Licensing and product development expenses were $7.3 million for the second quarter of fiscal 2012 compared with $5.2 million for the second quarter of fiscal 2011. Licensing and product development expenses were $13.7 million for the first six months of fiscal 2012 compared with $10.9 million for the first six months of fiscal 2011. Development expenses for CYT387 increased due to the expansion of the Phase I/II clinical trial in myelofibrosis, start-up costs associated with the BID (twice-daily dosing) study, pre-clinical development activities, and manufacturing of drug for these programs. Expenses for nimotuzumab continued to decrease.
General and administrative expenses were $1.2 million for the second quarter of fiscal 2012 compared to $2.7 million for the second quarter of fiscal 2011. General and administrative expenses were $3.3 million for the first six months of fiscal 2012 compared to $5.0 million for the first six months of fiscal 2011, primarily due to severance and restructuring costs in 2010.
Net loss for the second quarter of fiscal 2012 was $6.6 million ($0.06 per share) compared to $12.3 million ($0.14 per share) for the same period last year.
As at December 31, 2011 the Company had cash and short-term deposits totaling $67.9 million and accounts payables and accrued liabilities totaling $3.7 million compared to $79.7 million and $4.4 million respectively at June 30, 2011. Management believes that the cash and short-term deposits at December 31, 2011 are sufficient to support the Company’s activities for at least the next 18 months.
As at December 31, 2011 the Company had 116,711,448 common shares and 7,366,418 warrants outstanding.
About YM BioSciences
YM BioSciences Inc. is a drug development company advancing three products: CYT387, a small molecule, dual inhibitor of the JAK1/JAK2 kinases; nimotuzumab, an EGFR-targeting monoclonal antibody; and CYT997, a vascular disrupting agent (VDA).
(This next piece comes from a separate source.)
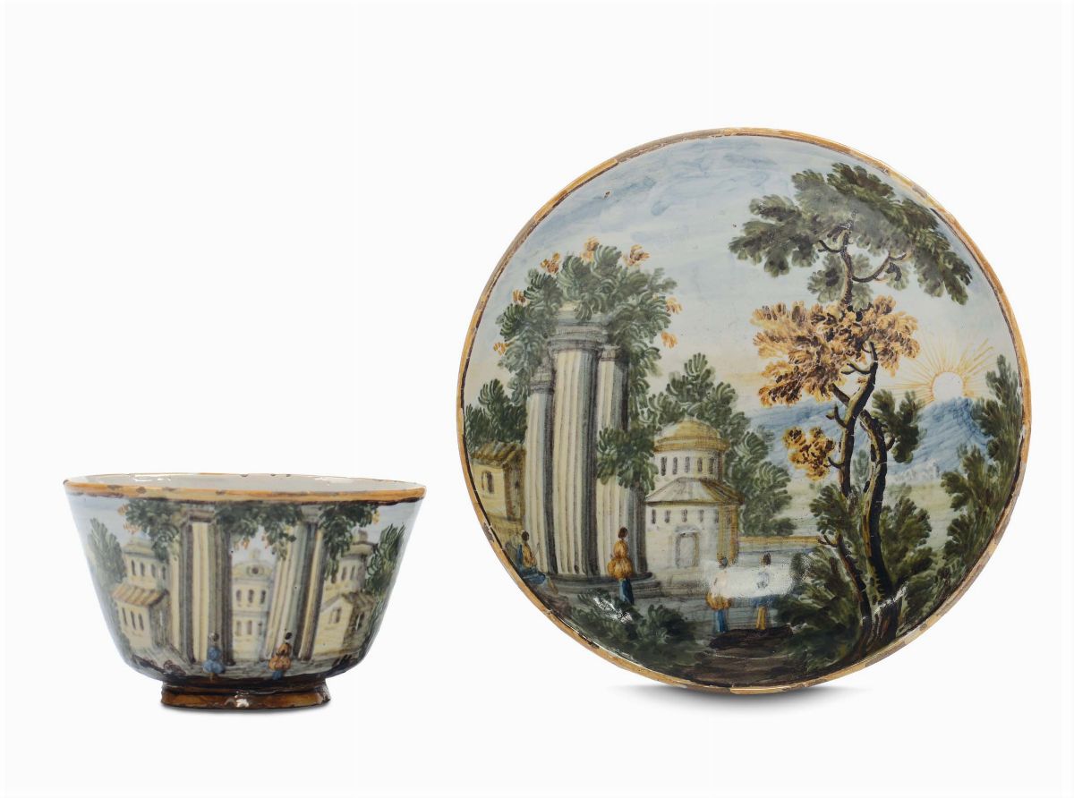 Tazzina e piattino decorati in policromia, Castelli XVIII secolo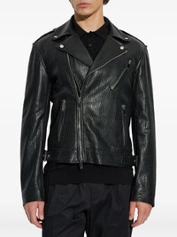 black asymmetrical zip fastening multiple zip pockets epaulettes on shoulders notched collar silver-tone hardware - Color: BLACK - Made in: Italy - Designer Style ID: 839817 Q5LDS 1000 Composition and care Outer Composition Lamb Skin: 100.0%, Lining Composition Viscose: 100.0%

CYT387 is an orally administered inhibitor of both the JAK1 and JAK2 kinases, which have been implicated in a number of immune cell disorders including myeloproliferative neoplasms and inflammatory diseases as well as certain cancers. Positive interim results have been reported from a Phase I/II trial of CYT387 in 166 patients with myelofibrosis. This trial has completed enrollment while a 60 patient Phase II twice-daily dose escalation trial is currently recruiting patients. Nimotuzumab is a humanized monoclonal antibody targeting EGFR with an enhanced side-effect profile over currently marketed EGFR-targeting antibodies. Nimotuzumab is being evaluated in numerous Phase II and III trials worldwide. CYT997 is an orally-available small molecule therapeutic with dual mechanisms of vascular disruption and cytotoxicity, and has completed a Phase II trial in glioblastoma multiforme. In addition to YM’s three products, the Company has several preclinical research programs underway with candidates from its library of novel compounds identified through internal research conducted at YM BioSciences Australia.